The 'classical losses' map a vector of __scalar predictions__ and a vector of targets onto the real. They all inherit from a common 'LossFunction' base abstract class and implements a '__call__' method (i.e. () operator override) that returns the vector of losses.

In [6]:
baseline =  ClassicalBaseline(LinearRegression()).fit(data.X_train, data.y_train)
estimator = LinearRegression().fit(data.X_train, data.y_train)

loss_func = SquaredError()
losses = loss_func(estimator.predict(data.X_test), data.y_test)

print('setting: ' + str(loss_func.type()))
print('total squared error: ' + str(np.mean(losses)))

setting: classical
total squared error: 33.44897999767653


## 2. Probabilisitc Losses

The 'probabilistic losses' map a vector of __distribution predictions__ (i.e. skpro distribution object) and a vector of targets onto the real. They all inherit from a common 'LossFunction' base abstract class and implements a '__call__' method (i.e. () operator override) that returns the vector of losses.

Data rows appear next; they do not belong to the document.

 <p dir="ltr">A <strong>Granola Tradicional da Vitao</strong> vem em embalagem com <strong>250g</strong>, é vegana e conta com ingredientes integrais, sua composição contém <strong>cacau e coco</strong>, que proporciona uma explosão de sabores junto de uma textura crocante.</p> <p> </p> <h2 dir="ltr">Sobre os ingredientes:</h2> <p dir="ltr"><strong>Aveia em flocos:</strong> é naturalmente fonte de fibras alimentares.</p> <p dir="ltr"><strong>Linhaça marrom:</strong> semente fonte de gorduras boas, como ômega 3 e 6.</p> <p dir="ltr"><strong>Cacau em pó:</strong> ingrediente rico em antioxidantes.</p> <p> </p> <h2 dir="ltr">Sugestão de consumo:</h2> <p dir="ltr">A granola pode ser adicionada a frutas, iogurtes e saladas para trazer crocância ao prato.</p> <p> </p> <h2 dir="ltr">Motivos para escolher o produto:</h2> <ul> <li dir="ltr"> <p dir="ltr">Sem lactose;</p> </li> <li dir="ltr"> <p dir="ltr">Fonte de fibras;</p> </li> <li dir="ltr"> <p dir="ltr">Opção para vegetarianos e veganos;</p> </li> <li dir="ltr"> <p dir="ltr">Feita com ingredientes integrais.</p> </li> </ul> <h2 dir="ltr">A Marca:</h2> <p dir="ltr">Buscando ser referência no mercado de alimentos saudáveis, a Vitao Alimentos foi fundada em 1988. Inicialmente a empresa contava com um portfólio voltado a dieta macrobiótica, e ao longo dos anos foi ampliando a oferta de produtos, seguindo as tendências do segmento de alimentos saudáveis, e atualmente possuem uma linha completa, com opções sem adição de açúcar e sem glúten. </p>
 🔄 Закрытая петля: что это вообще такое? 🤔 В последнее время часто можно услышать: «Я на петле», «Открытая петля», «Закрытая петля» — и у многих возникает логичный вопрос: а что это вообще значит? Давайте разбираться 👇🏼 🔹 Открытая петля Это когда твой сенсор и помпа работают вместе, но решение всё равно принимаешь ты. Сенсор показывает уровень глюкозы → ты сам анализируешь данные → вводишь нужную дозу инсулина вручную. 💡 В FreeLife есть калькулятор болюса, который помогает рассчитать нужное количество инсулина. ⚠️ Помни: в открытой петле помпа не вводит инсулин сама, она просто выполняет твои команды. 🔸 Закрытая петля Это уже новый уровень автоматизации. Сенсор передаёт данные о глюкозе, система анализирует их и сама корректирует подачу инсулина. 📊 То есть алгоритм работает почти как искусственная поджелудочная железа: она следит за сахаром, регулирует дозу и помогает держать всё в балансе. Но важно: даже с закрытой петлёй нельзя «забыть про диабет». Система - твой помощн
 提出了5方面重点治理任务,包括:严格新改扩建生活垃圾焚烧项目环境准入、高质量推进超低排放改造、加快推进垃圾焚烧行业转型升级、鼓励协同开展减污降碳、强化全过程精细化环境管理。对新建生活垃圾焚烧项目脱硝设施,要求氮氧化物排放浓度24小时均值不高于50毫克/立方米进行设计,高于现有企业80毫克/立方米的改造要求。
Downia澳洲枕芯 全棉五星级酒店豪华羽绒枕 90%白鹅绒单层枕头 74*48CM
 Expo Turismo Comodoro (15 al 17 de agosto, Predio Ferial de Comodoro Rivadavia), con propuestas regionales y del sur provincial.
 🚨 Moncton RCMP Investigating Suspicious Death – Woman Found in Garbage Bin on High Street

PS : The distribution mode must eventually be set to 'ELEMENT_WISE' to output a loss vector in a 'one a one for one basis. ' 

In [10]:
from skpro.baselines.classical_baselines import ClassicalBaseline

from skpro.metrics.proba_loss_cont import LogLossClipped
from skpro.metrics.proba_scorer import ProbabilisticScorer

baseline =  ClassicalBaseline(LinearRegression()).fit(data.X_train, data.y_train)
dist = baseline.predict_proba(data.X_test) 
dist.setMode(Mode.ELEMENT_WISE)

loss_func = LogLossClipped(cap = np.exp(-23))
losses = loss_func(dist, data.y_test)

print('setting: ' + str(loss_func.type()))
print('total squared error: ' + str(np.mean(losses)))

setting: probabilistic
total squared error: 3.3375354432750513


A 'Scorer' can be used to symplify the procedure above. It acts as a wrap-up class that directly evaluates an error given a loss functor and a probabilistic estimator. The loss function is passed in the Scorer constructor. 

A '__call__' implementation returns the score. It takes as argument : a probabilistic estimator, an array of test samples (X), an array of targets (y) and a string specifying the format of the output (mode : taking values in ['average', 'absolute'])

In [11]:

scorer = ProbabilisticScorer(LogLossClipped(cap = np.exp(-23)))
score = scorer(estimator = baseline, X = data.X_test, y = data.y_test, mode = 'average')
print('total log-loss error from scorer: ' + str(np.mean(losses)))


total log-loss error from scorer: 3.3375354432750513